Tears overflowed Ash's eyes and slid down his cheek. "Rena, what has he done to you? Who is this man? Why didn't you write me sooner?"
"I didn't want to worry you. You'll meet him soon enough."
"What do you mean, did you tell him I was coming? Who is he?"
"I didn't have to tell him. He'll smell you, he'll come because of you," Rena said, her face transformed from tired into something crafty, something greedy.
"Oh, Ash. Because of you he'll love me again. Get some sleep." Rena turned out the light in the living room and retired to her own small bedroom. Ash lay on the couch, head resting on his arm, and soon fell prey to troubling dreams.
Rena was gone when Ash awoke the next morning. She left a note telling him to make himself breakfast and giving him the time of her return. Ash spent the day cleaning Rena's apartment. He'd always hated cleaning, and was not especially tidy, however, returning Rena's living space to its usual shine gave him a small degree of comfort. Dusk found Ash planted in front of Rena's television, one antenna augmented by a wire hanger, its picture covered in snow. Shortly after twilight a glamorous Rena returned. Ash was used to Rena wearing little to no make-up. The woman who swept in was a compendium of powder, lipstick, eye shadow and mascara. The make- up hid the dark circles and discolorations. Her hair was piled on top of her hair in an elaborate coif. She looked lovely, but altogether alien.

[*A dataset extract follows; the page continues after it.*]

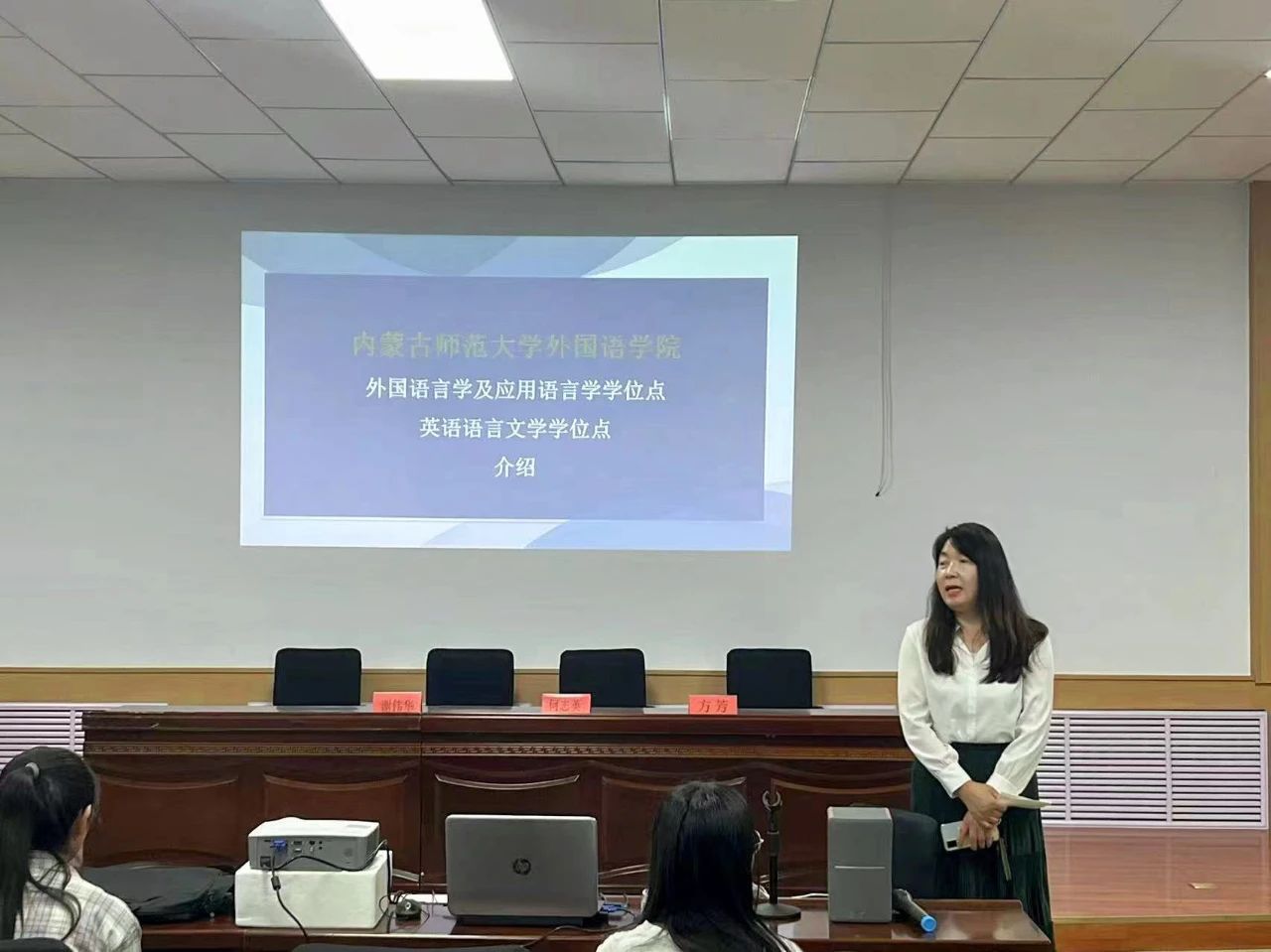 9月21日下午,内蒙古师范大学伟德官方网站方芳老师、何志英老师以及谢伟华老师来公司为同学们介绍内蒙古师范大学伟德官方网站硕士点建设情况。本次讲座由公司副经理常云老师主持,公司MTI中心主任、副经理任云岚老师参加。

"Oh Ash," she vocalized in a singsong fashion, "He's coming tonight, I can just feel it." Her eyes were nearly glowing with anticipation. Ash, happy to see some spark return to Rena was nevertheless concerned. She never wore make-up, nor did she allow a man's attentions to determine her happiness. Ash attempted to say something about Rena's perplexing behavior when the doorbell rang.
"It must be him," Rena gushed, giddy as a schoolgirl. Before she could run to the door, it was flung open dramatically. In the doorway stood a breathtakingly beautiful man. He was tall, well over six feet, lithe and agile, he reminded one of a jungle cat. His ebony skin glistened in the incandescent light, his generous lips parted just enough to display shockingly white teeth. Rena stood transfixed, reverent, Ash half-expected her to genuflect before this dark god. He looked past Rena at Ash, Ash could almost feel his gaze travelling over his skin, quantifying, analyzing, memorizing. Finally he spoke, looking down at Rena with something approaching affection.
"You are right beloved. He is magnificent," then, "Pardon my rudeness. I am known as Mercutio. You both shall be my guests to a party this evening."
Mercutio looked down at Ash and frowned.
"We shall have to find something appropriate for you to wear," he said to Ash imperiously. Ash was stuck silent by Mercutio's presence. Despite his earlier anger at a man who could reduce Rena into a shadow of the woman she once was, Ash wanted to do anything to make this man happy. Ash noticed his change in attitude, was sickened by it, but felt powerless to rebel against it. Rena was right, there was something special about him.
Mercutio smiled once more. "Come, my limo awaits, and we have many things to discuss before the party". Ash followed along seemingly without volition.